EDRSilencer: The Silent Killer of Endpoint Security
Trend Micro specialists have discovered that in a series of attacks, cybercriminals utilized the EDRSilencer tool to disable EDR system alerts. Attackers integrate this tool into their operations to conceal traces of their activities and evade detection.
EDRSilencer is an open-source tool designed similarly to the commercial solution NightHawk FireBlock from MdSec. The program identifies active EDR processes and leverages the Windows Filtering Platform (WFP) to monitor and block network traffic over IPv4 and IPv6 protocols. WFP, used in firewalls and antivirus systems, allows the configuration of persistent filters that control network traffic.
EDRSilencer applies filters to block communication between EDR and the command server. During testing, it successfully prevented data transmission, making the devices appear inactive on the management portal. As a result, the sending of alerts and detailed telemetry is obstructed.
The new version of the tool includes the ability to block 16 modern EDR solutions, including:
- Microsoft Defender;
- SentinelOne;
- FortiEDR;
- Palo Alto Networks Cortex XDR;
- Cisco Secure Endpoint;
- ElasticEDR;
- Carbon Black EDR;
- Trend Micro Apex One.
Experiments also showed that some EDR products continue to transmit reports due to certain executable files missing from the hardcoded list. However, attackers can add filters for the required processes, extending the range of blocked components.

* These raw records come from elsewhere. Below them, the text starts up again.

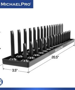 2. FILAS DOBLES DE ENCHUFES Mantiene tanto enchufes profundos como superficiales, haciendo que tu organización sea más fácil y eficiente. Ten todos tus enchufes mostrados de manera ordenada y hermosa en estos soportes. Con una altura máxima de clavija de 3.8 pulgadas, estos soportes son compatibles con múltiples sistemas de almacenamiento de herramientas.
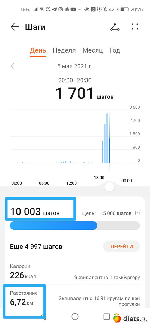 День 5. 10000 шагов. Цель в 15 тысяч не достигнута, без детей, как оказалось, ходить скучно. Да и особо негде. По тому маршруту, где мы шагаем с детьми, одной ходить жутковато. Но хоть 10000 отшагала, сейчас еще сделаю кардиотренировку.
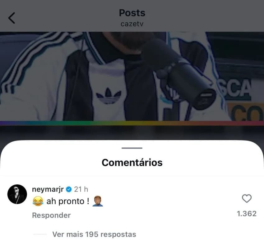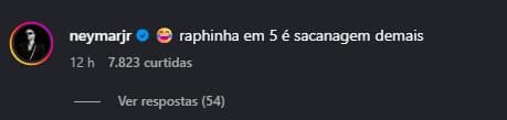 A resposta de Neymar veio nos comentários da publicação, com um curto e sugestivo: “Ah, pronto”, acompanhado de um emoji com a mão no rosto, expressão comum de frustração ou descrença.
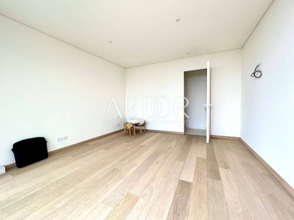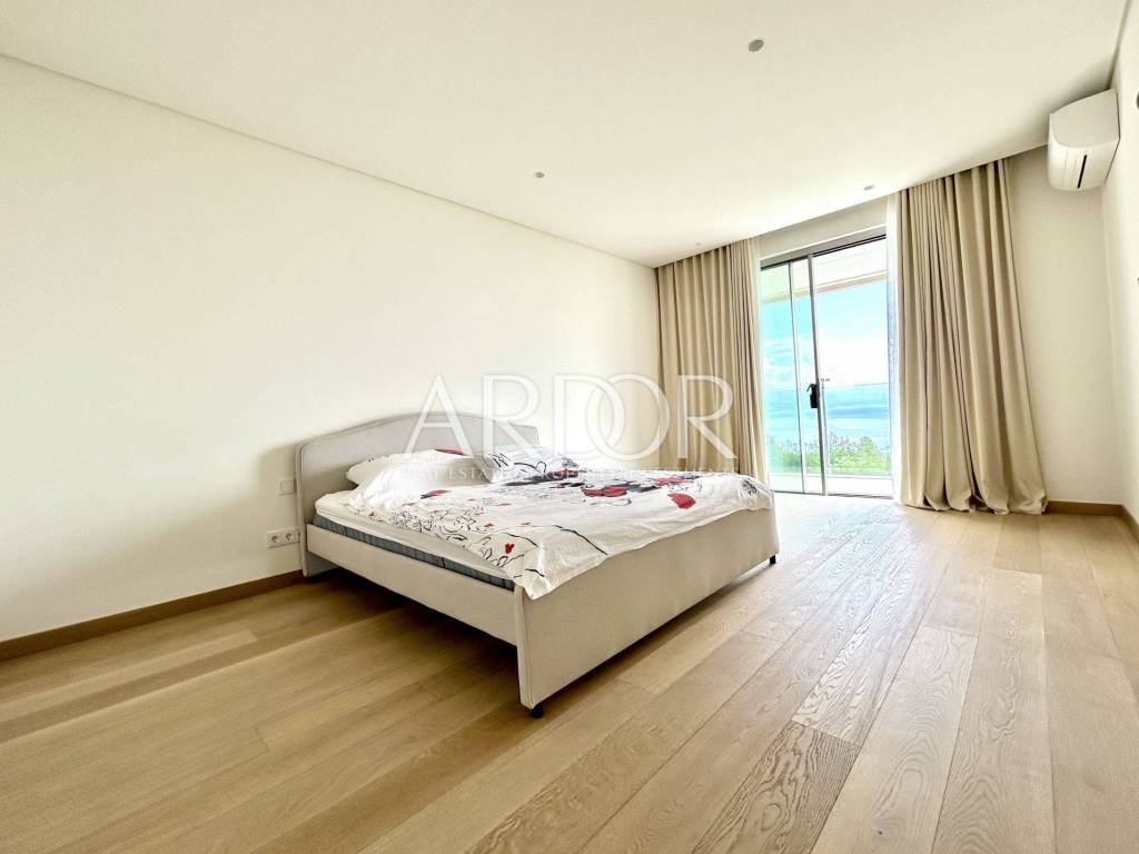 On the first floor, there are three bedrooms and two bathrooms, each with glass walls and access to the 23 m² outdoor terrace. The master bedroom, sized at 26 m², has an en-suite bathroom with glass walls, providing an incredible view of Kvarner. The other two bedrooms (20 m² and 17 m²) are conveniently connected by a terrace and a large bathroom.

Once additional processes are added to the blocklist, the EDR tools cease sending logs. This suppression allows malicious activity to go unnoticed, significantly increasing the chances of a successful attack without intervention from specialists.
A diagram illustrating the functionality of EDRSilencer in cyberattacks depicts the stages of the process: from detecting active EDR systems to executing code and escalating privileges, resulting in the suppression of telemetry and alerts. Techniques such as T1057 (process discovery), T1059 (command and scripting interpreter), and T1543 (creation or modification of system processes) are included. The diagram shows how EDRSilencer exploits the Windows Filtering Platform to filter network traffic and prevent data transmission to the command server, thereby weakening the defensive capabilities of EDR systems.

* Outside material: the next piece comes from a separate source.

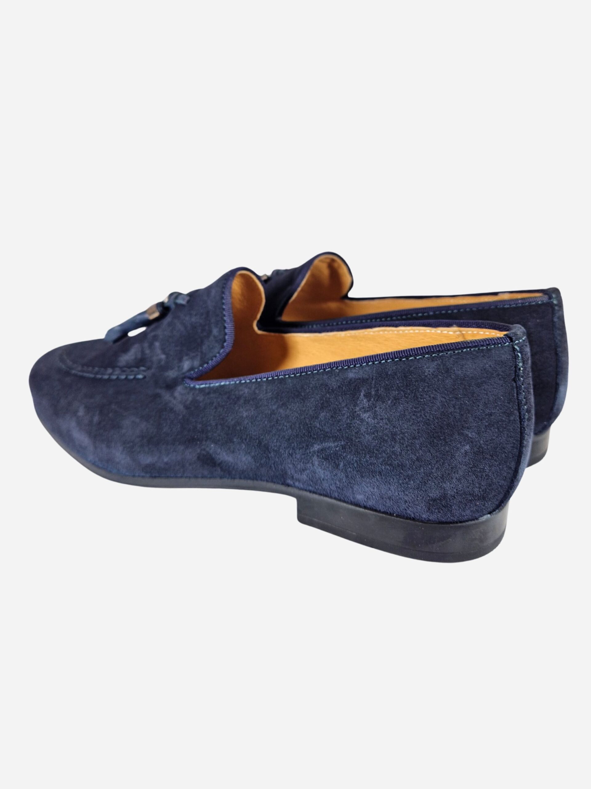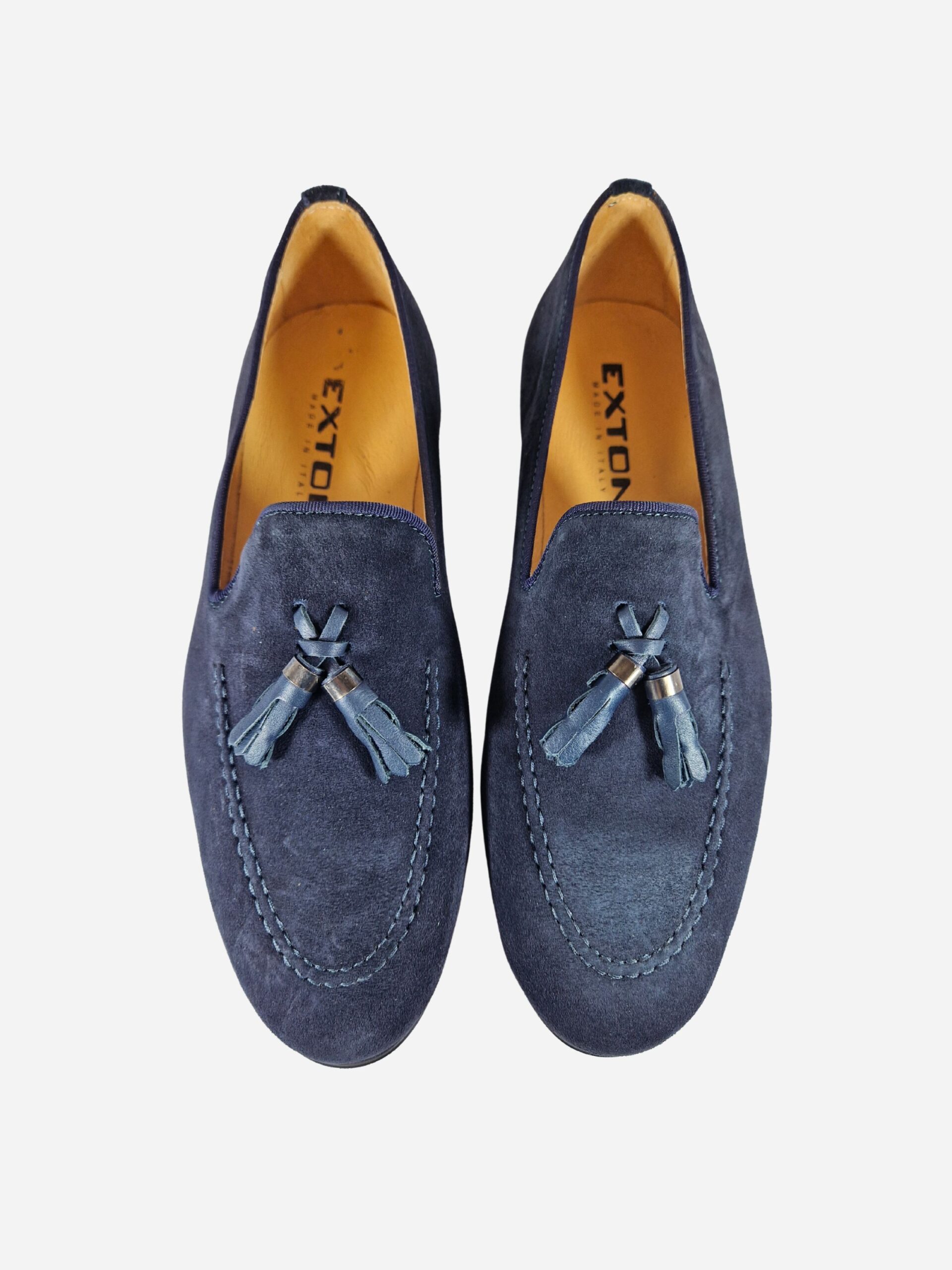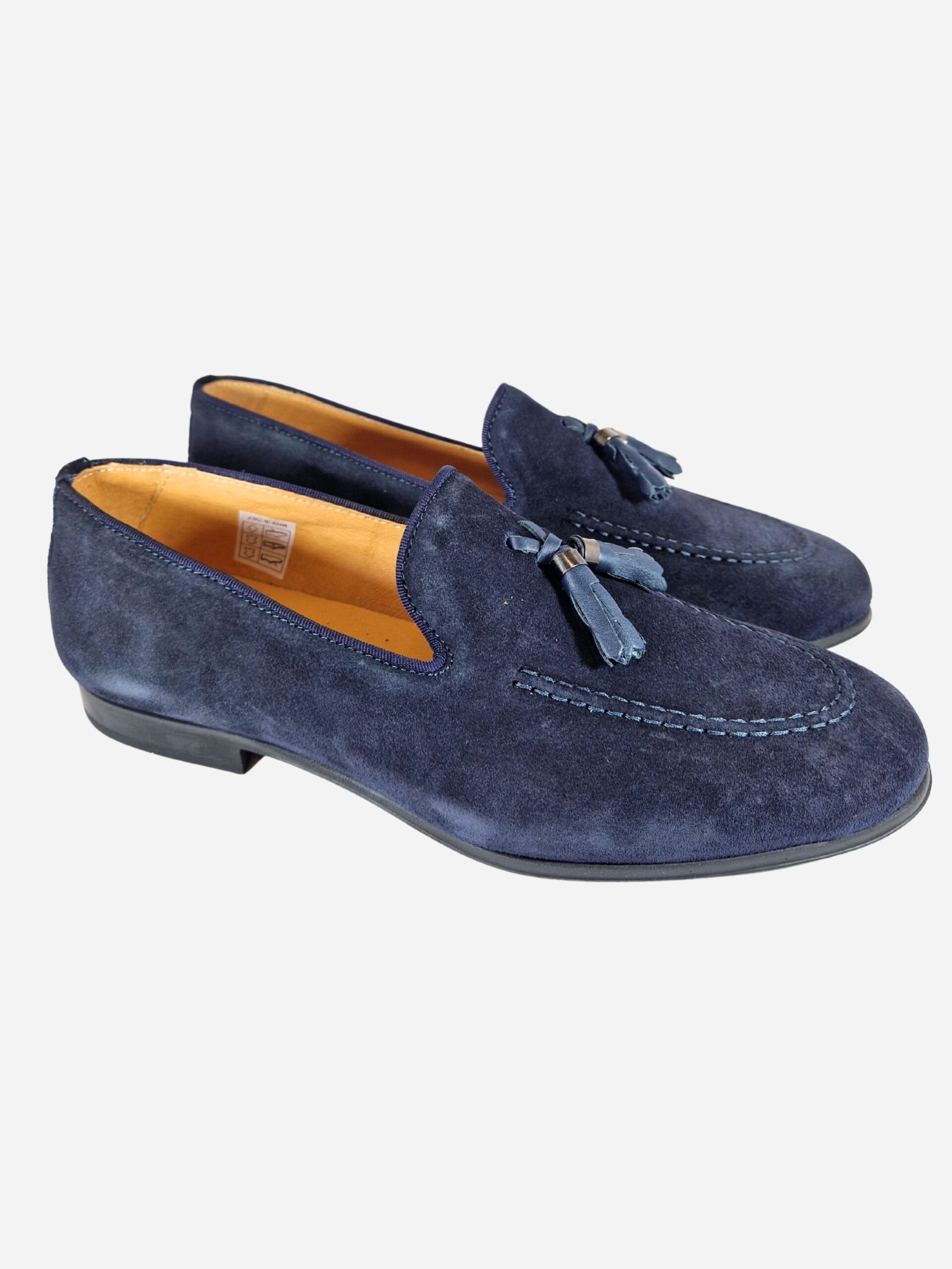 Mocassini by Exton. Calzature realizzate in pelle scamosciata con fondo in cuoio, arricchite da una nappina decorativa. Suola in gomma.

Trend Micro recommends classifying EDRSilencer as malware and blocking it at the early stages of an attack. Experts also advise implementing multi-layered security measures to isolate critical systems, employing solutions with behavioral analysis and anomaly detection, and monitoring for indicators of compromise within the network. The principle of least privilege is also a key defense element against such attacks.